A venting black smoker emits jets of particle-laden fluids. The particles are predominantly very fine-grained sulfide minerals formed when the hot hydrothermal fluids mix with near-freezing seawater. These minerals solidify as they cool, forming chimney-like structures. “Black smokers” are chimneys formed from deposits of iron sulfide, which is black. “White smokers” are chimneys formed from deposits of barium, calcium, and silicon, which are white.
Source: National Ocean Service.
A favourite disingenuous creationist tactic is to keep challenging science to achieve something that seems impossible—such as replicating the conditions of a deep ocean thermal vent to demonstrate that this could have been where life began. The trap is then to either gloat over science’s failure or to shift the goalposts and proclaim that any success merely proves that intelligence is required to create life.
So, we can almost guarantee that the news that a team of scientists at Fundação de Amparo à Pesquisa do Estado de São Paulo (FAPESP) in São Paulo, Brazil, have replicated not the thermal vents themselves but the chemical reactions believed to have occurred within them—and shown that these reactions do indeed produce the precursors of living systems—will be presented by creationists as supposed proof of the role of intelligence in the process.
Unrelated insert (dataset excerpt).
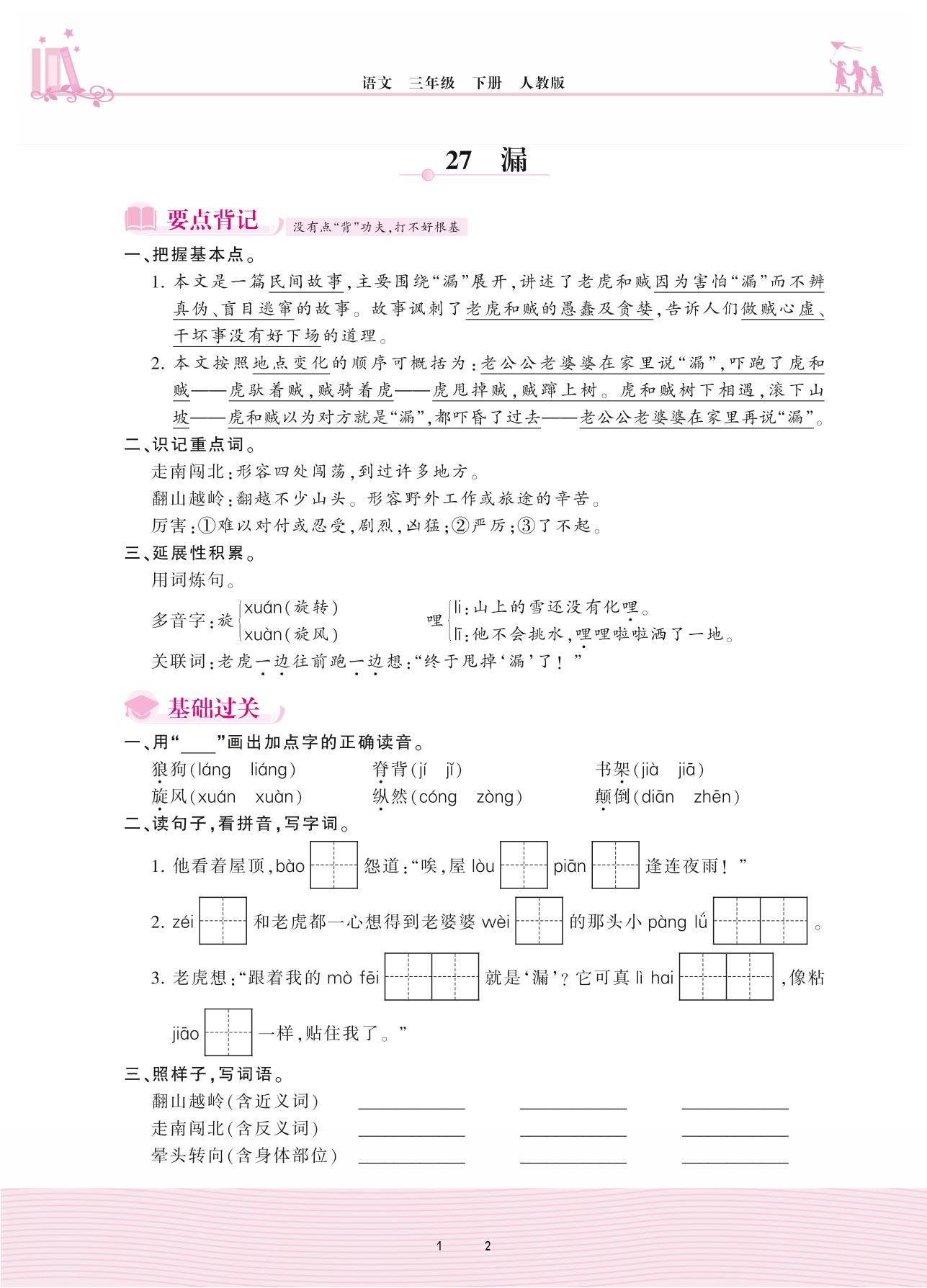 2021下册三年级语文人教版 第八单元——27 漏

The fallacy, of course, is that a laboratory experiment merely establishes the conditions under which natural forces can operate. By contrast, intelligent design advocates insist that an intelligent entity, working to a plan, must actively direct those natural forces to make chemistry and physics do something they supposedly couldn’t do on their own. Such is the intellectual dishonesty of many creationists that this distinction is either too subtle for them to grasp—or they deliberately ignore it.